■ YOUR INSTRUCTIONS: The reply should contain the full listing exactly as written and no pictures at all.

■ PROVIDED MATERIAL:
──────

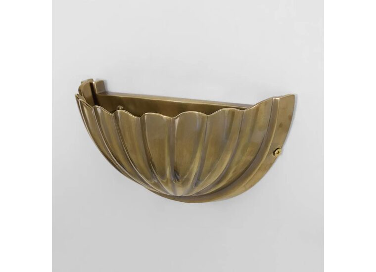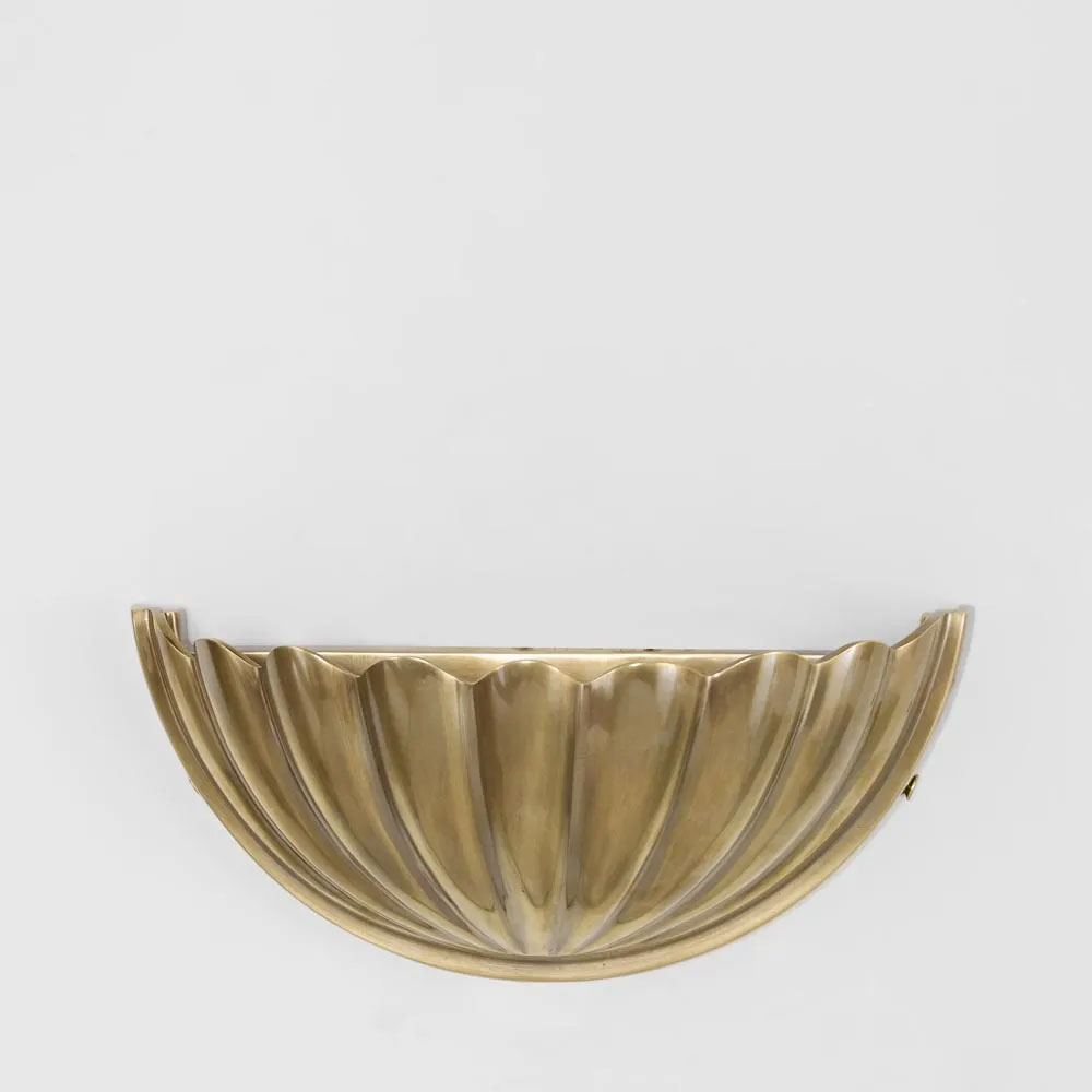 Crafted with an antique brass finish, this wall light features an inverted shell silhouette that casts a warm glow, adding a touch of timeless sophistication to any space.
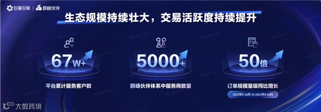 截至目前,群峰伙伴平台累计服务客户数超过67万,在体系中的营销服务商数量超过5000家,2022年平台订单规模增长超过50倍,更多企业主和服务商在群峰伙伴平台找到了生意的新增量。
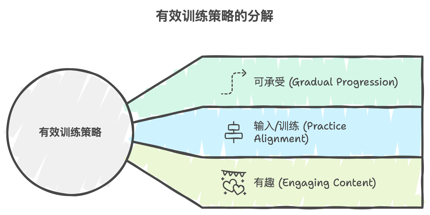 比如学英语中的“做大量有趣的可理解输入”,对应到健身上可以叫“做大量有趣的可承受训练”:
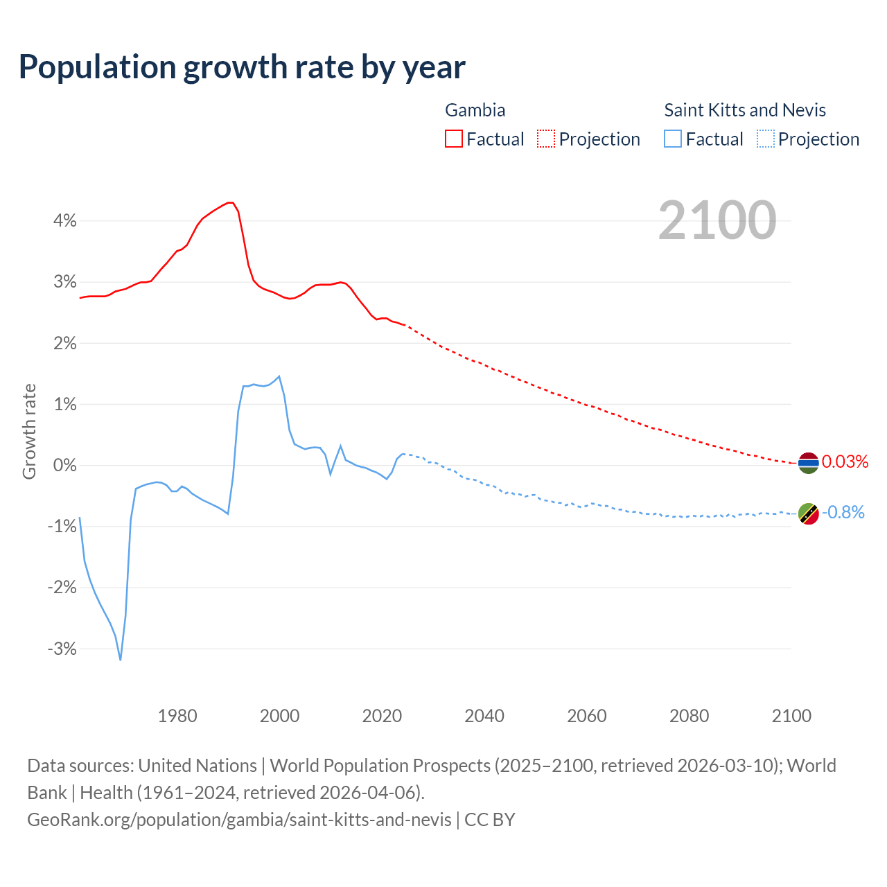 - For the last 10 years, the Gambia has had an average growth rate of +2.5% per year vs -0.04% in Saint Kitts and Nevis.

──────

■ ANSWER BOX:
 Crafted with an antique brass finish, this wall light features an inverted shell silhouette that casts a warm glow, adding a touch of timeless sophistication to any space.
 截至目前,群峰伙伴平台累计服务客户数超过67万,在体系中的营销服务商数量超过5000家,2022年平台订单规模增长超过50倍,更多企业主和服务商在群峰伙伴平台找到了生意的新增量。
 比如学英语中的“做大量有趣的可理解输入”,对应到健身上可以叫“做大量有趣的可承受训练”:
 - For the last 10 years, the Gambia has had an average growth rate of +2.5% per year vs -0.04% in Saint Kitts and Nevis.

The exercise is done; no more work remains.